At the heart of the investigation were the ways insurers in the Medicare Advantage program document diagnoses for enrollees. The payments the companies receive from the federal government are tied to the health status of their customers. Patients with more, and more serious, diagnoses generally draw higher payments for the health plans.
The HHS inspector general’s investigation focused on two controversial strategies used by Medicare Advantage companies to tally diagnoses.
In one, the insurers or their contractors review patients’ charts for evidence of diagnoses that doctors didn’t specifically flag. The other involves health-risk assessments, or HRAs, that are often conducted by the vendors in patients’ homes.
Both strategies are allowed under Medicare rules, but “our findings raise concerns about the extent to which certain MA companies may have inappropriately leveraged both chart reviews and HRAs to maximize risk-adjusted payments,” the report said.
The report focused on diagnoses generated by these two methods that weren’t also found in the insurers’ records of services rendered to patients, implying that patients didn’t get care tied to these diagnoses.
The suspect diagnoses were linked to around $9.2 billion in payments to Medicare Advantage plans in 2017, according to the report. The 20 companies that benefited disproportionately together drew 54% of that total while representing 31% of enrollment, the report said. The remaining 46% of the $9.2 billion went to 142 companies that collectively enrolled 69% of the Medicare Advantage membership.
The unnamed large company highlighted in the report generated about 58% of the payments in the analysis drawn by health-risk assessments. Its share was particularly large in payments tied to certain diagnoses, such as respiratory arrest, protein-calorie malnutrition and major depressive, bipolar and paranoid disorders, according to the report.
The report’s recommendations include having CMS “take additional actions to determine the appropriateness of payments and care for the one MA company that substantially drove risk-adjusted payments from chart reviews and HRAs.”
UnitedHealth is the biggest player in Medicare Advantage, a major growth engine for the industry.
The total number of people enrolled in Medicare Advantage plans has risen to more than 26 million this year, according to a Kaiser Family Foundation analysis released in June. That is about 42% of all Medicare beneficiaries, up from 31% five years ago.

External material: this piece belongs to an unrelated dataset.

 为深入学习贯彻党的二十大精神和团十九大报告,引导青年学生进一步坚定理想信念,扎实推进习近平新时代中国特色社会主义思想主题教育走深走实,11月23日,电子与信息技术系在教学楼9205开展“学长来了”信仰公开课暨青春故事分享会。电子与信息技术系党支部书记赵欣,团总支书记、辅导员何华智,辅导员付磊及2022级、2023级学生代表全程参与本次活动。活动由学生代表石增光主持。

Concerns that insurers are inflating the “risk scores” that result from documenting enrollees’ diagnoses are longstanding, but federal prosecutors’ and investigators’ focus on industry practices has increased in recent years.
In March 2020, federal prosecutors sued Anthem Inc., alleging the Indianapolis-based insurer had fraudulently reaped overpayments from the federal government by failing to delete inaccurate diagnosis codes.

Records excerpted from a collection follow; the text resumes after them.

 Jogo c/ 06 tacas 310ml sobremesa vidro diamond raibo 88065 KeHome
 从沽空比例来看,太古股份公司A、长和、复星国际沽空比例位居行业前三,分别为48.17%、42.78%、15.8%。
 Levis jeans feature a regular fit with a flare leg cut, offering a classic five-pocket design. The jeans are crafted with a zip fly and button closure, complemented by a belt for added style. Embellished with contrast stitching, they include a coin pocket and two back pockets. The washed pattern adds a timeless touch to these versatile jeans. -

Federal prosecutors in July of this year announced they were intervening in whistleblower suits against Kaiser Permanente, also focused on risk-score documentation.
Last week, the Justice Department joined another whistleblower action, suing Independent Health Association, a Buffalo-based insurer. The suit alleged that Independent Health submitted diagnosis codes that weren’t supported by evidence.
Anthem declined to comment. Kaiser Permanente said in a previous statement that it was “compliant with Medicare Advantage program requirements, and we intend to strongly defend against the lawsuits alleging otherwise.” A spokesman for Independent Health said it denied “all allegations of wrongdoing in this lawsuit.”
In April, the HHS Office of Inspector General released an audit of diagnosis codes submitted by Humana Inc. that found the company, the-second biggest Medicare Advantage provider after UnitedHealth, was overpaid about $200 million for 2015. Humana said at the time that the inspector general’s “methodology is inconsistent with statistical and actuarial principles,” and said it would work cooperatively to resolve the review.
The HHS inspector general also released reports last year and in 2019 looking at the industry’s diagnosis-documentation practices.